The issue of competency gets a workout in two cases. In State v. Jirousek, the docket reflects that Jirousek was referred to the court psychiatric clinic to determine his competency; there's no further reference to the issue prior to his guilty plea and sentence. There's an Ohio Supreme Court case which held that failure to hold a competency hearing after referral may be harmless where the defendant testifies at trial and didn't come across as a loony, but it doesn't work that way on a plea: where a defendant is referred for evaluation, the plea will be vacated when the record doesn't reflect a hearing on competency or stipulation by parties regarding that issue.

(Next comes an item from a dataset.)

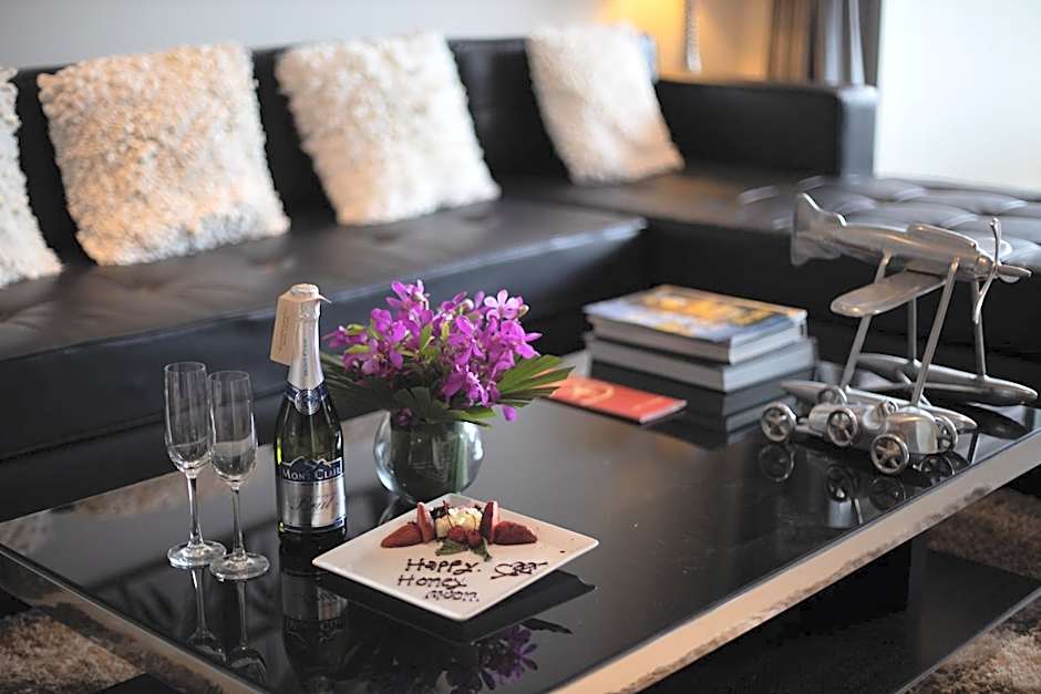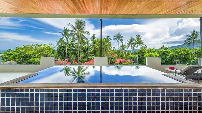 This spacious contemporary-designed space includes a balcony with a private infinity edge pool and separate sun deck. It has a spacious living room, fully-equipped kitchen with modern appliances and a dining area. Guests enjoy sweeping views of the picturesque Lamai Bay.

As to what constitutes competency, further confirmation that it requires little more than that the defendant be able to distinguish the judge from a head of cabbage is provided by State v. Sims. Sims was diagnosed with "severe mental illness" of "major depressive disorder, single episode, severe with psychotic features," and he began shaking so badly during his trial that the judge noticed it, interrupted the proceedings, and had Sims taken to a holding cell. Shortly after, deputies observed him curled up on the floor, crying uncontrollably. But the panel fluffs off the problems, noting that Sims "provided cogent testimony in his own defense." Not cogent enough, alas, to avoid being convicted of felony murder, but, well...Finally, when an opinion begins, as does State v. Lasalla, with "For two years defendant-appellant, David LaSalla operated a scheme preying on the elderly homeowners in low-income communities," you don't spend a lot of time wondering how it all comes out. The case actually concerned an interesting legal issue. Lasalla had pled guilty to two counts under Ohio's Corrupt Practices Activities Act (Ohio's counterpart to RICO), and three of theft. Conviction of the CPA requires proof of two or more predicate offenses, in this case the thefts, and Lasalla argued that the theft counts should have merged into the CPA counts. There's some basis for the argument: obviously, the thefts and the CPA violations had to occur at the same time, since the latter were derived from the former, and so were committed with the "same act" under the Supreme Court's latest test for allied offenses, State v. Johnson. But that argument has been rejected consistently by Ohio courts, and by Federal courts considering the RICO analogs, and fares no better here.